Doing research of sufficient quality to be accepted for publication is a big fish, but it certainly isn't beyond the realm of possibility. It's a great career goal, IMO. You'll need access to the resources of a university or major medical center library, a clinical statistician, and as Gurby pointed out, someone experienced with the process to mentor and assist you.
 
I was reviewing my degree pathway and one of the recommended electives is "Research Methods for Health Professionals."

So I'm excited for that.
 
For me, the 3 things that made the biggest difference:

-Taking a basic stats class.
-Getting onto a research project and watching the different sections come together.
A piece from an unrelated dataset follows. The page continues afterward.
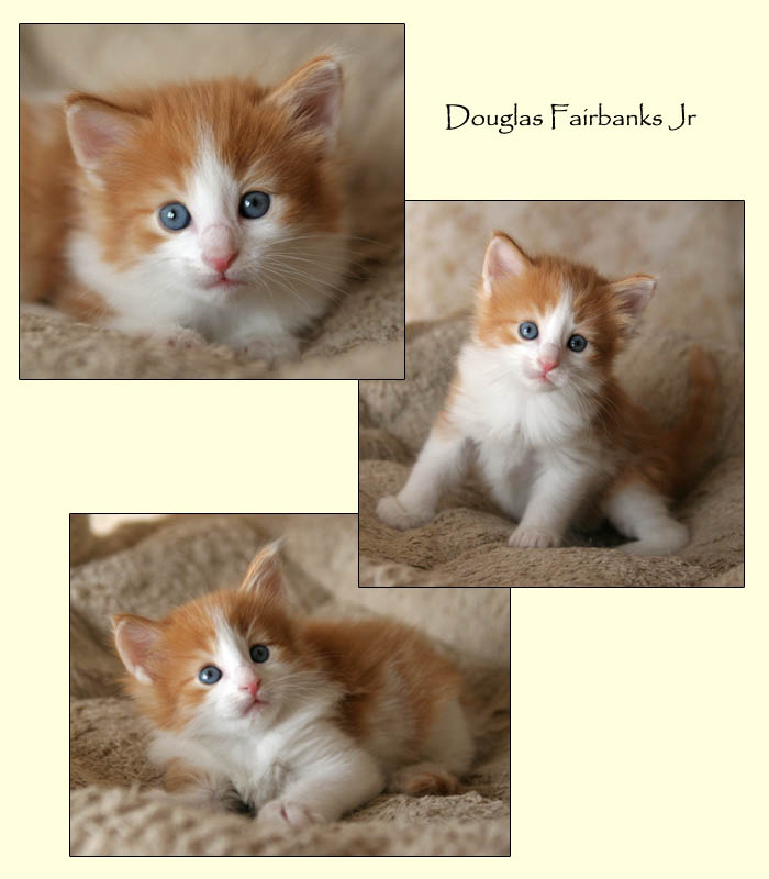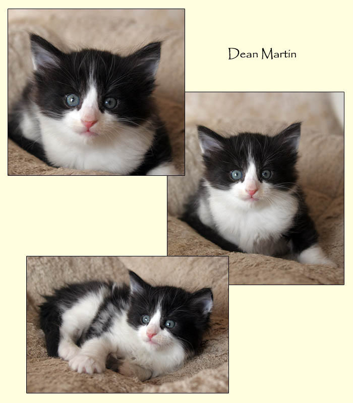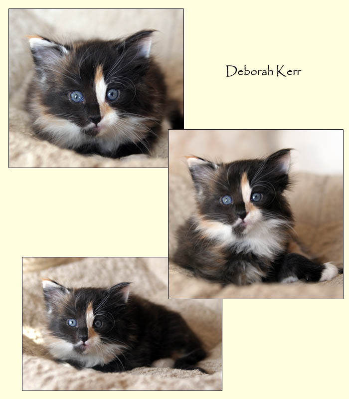 | Dean Martin | male | black & white (n 09) | Douglas Fairbanks Jr | male | red mackerell tabby & white (d 09 23) | Donna Reed | female | black silver mackerell tabby & white (ns 09 23) | Deborah Kerr | female | tortie (smoke?) & white (f-s?- 09) |
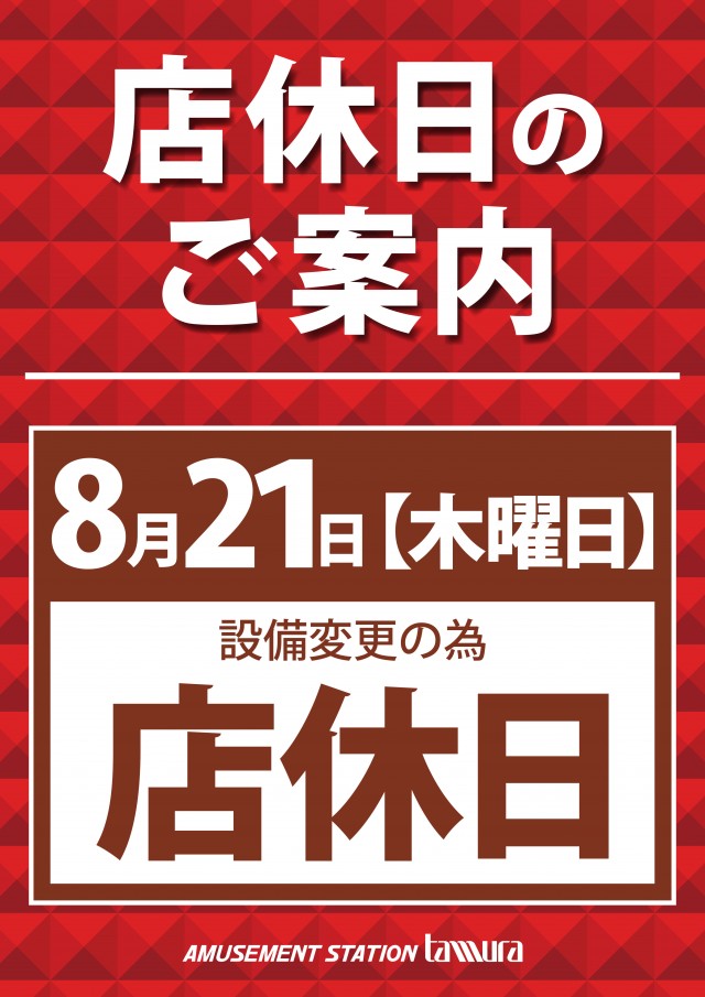 2025/08/21本日 店休日 お間違えの無いようにお願いいたします本日 8月21日(木) 店休日

-Taking a course in writing academic papers. When I took “Evidence Based Nursing Scholarship” at OSU, you had to write a giant paper and poster. You wrote 5-10 pages each week and class time was spent learning about levels of evidence, data tables, etc... That course helped so much because it forced me to read hundreds of papers, and then when I had to write one, I understood what things were just “fluff” in a paper. The methodology is often more important than the results; that “middle part” tells you whether or not to accept the abstract or conclusion.